=== EXERCISE BRIEF ===
Give all of the data again exactly as written, omitting every image.

--- DATA PROVIDED Enclosed Below ---

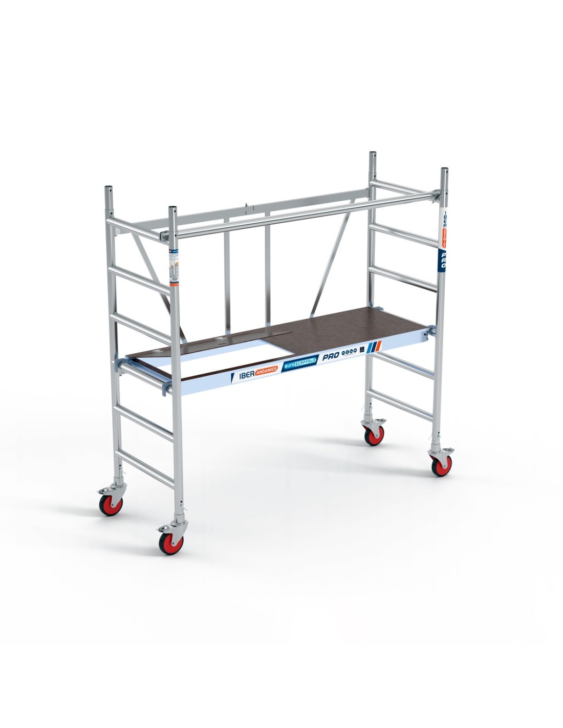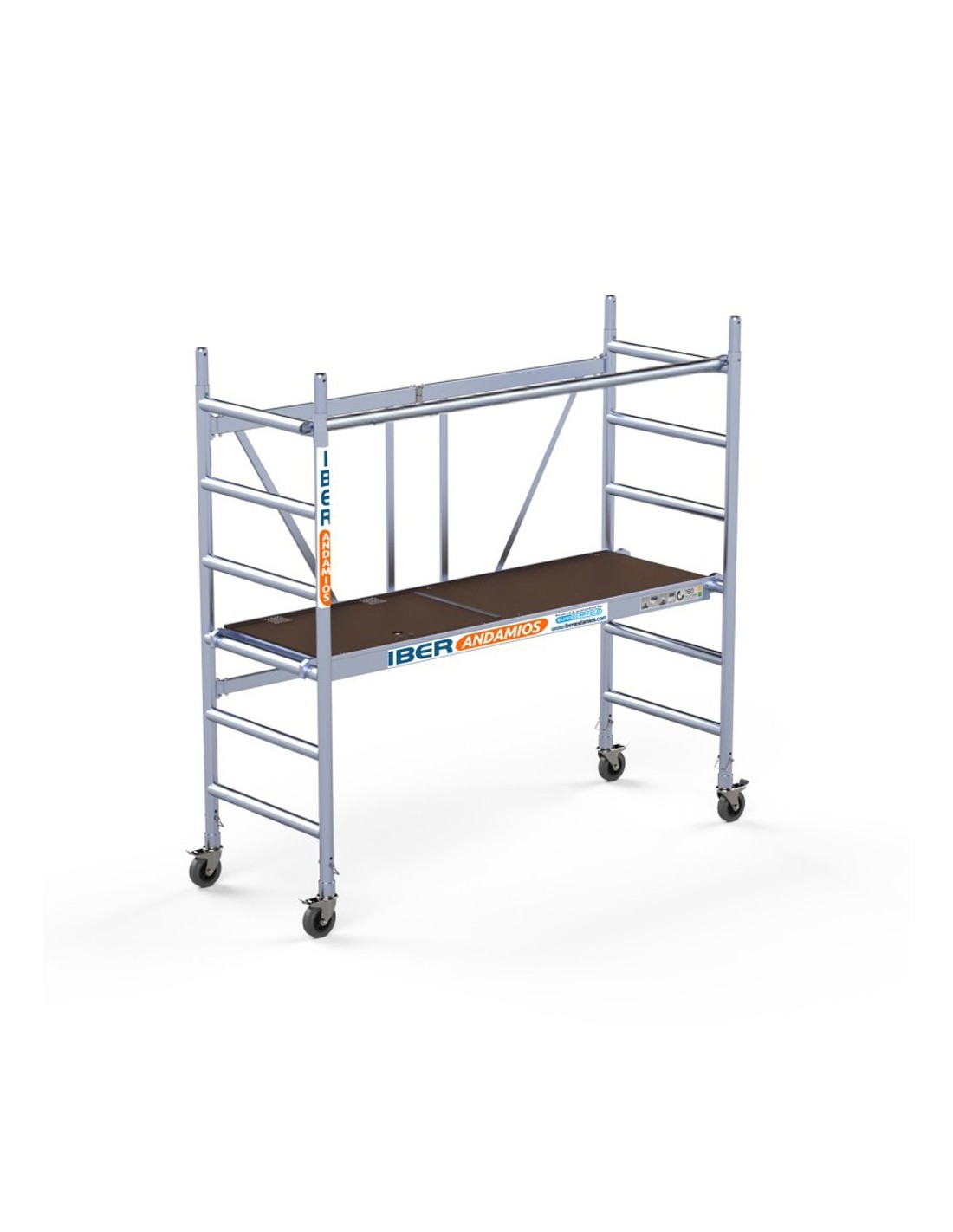 Andaime dobrável em alumínio 75x190 com altura de trabalho de 3 metros com portinhola e com barra extra. Um modelo de alta qualidade pensado para profissionais graças à sua resistência e versatilidade. Foi especialmente concebido para trabalhos de interiores, graças ao seu tamanho e aspecto compacto, que lhe permitirá transportá-lo para onde quiser sem ter de o desmontar.
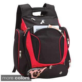 The CalPak Pinnacle backpack comes in a variety of colors and features self-repairing zippers. The trendy polyester backpack has zippered side pockets for accessories and an MP3 earphone port.
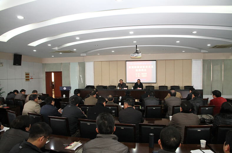 12月29日上午,校党委理论学习中心组召开2014年第十次学习会议,安徽师范大学博士生导师陶富源教授应邀作“发展和健全社会主义协商民主”专题报告。校党委书记刘新跃主持会议。

--- End of Enclosed DATA PROVIDED ---

=== EXPECTED ANSWER ===
 Andaime dobrável em alumínio 75x190 com altura de trabalho de 3 metros com portinhola e com barra extra. Um modelo de alta qualidade pensado para profissionais graças à sua resistência e versatilidade. Foi especialmente concebido para trabalhos de interiores, graças ao seu tamanho e aspecto compacto, que lhe permitirá transportá-lo para onde quiser sem ter de o desmontar.
 The CalPak Pinnacle backpack comes in a variety of colors and features self-repairing zippers. The trendy polyester backpack has zippered side pockets for accessories and an MP3 earphone port.
 12月29日上午,校党委理论学习中心组召开2014年第十次学习会议,安徽师范大学博士生导师陶富源教授应邀作“发展和健全社会主义协商民主”专题报告。校党委书记刘新跃主持会议。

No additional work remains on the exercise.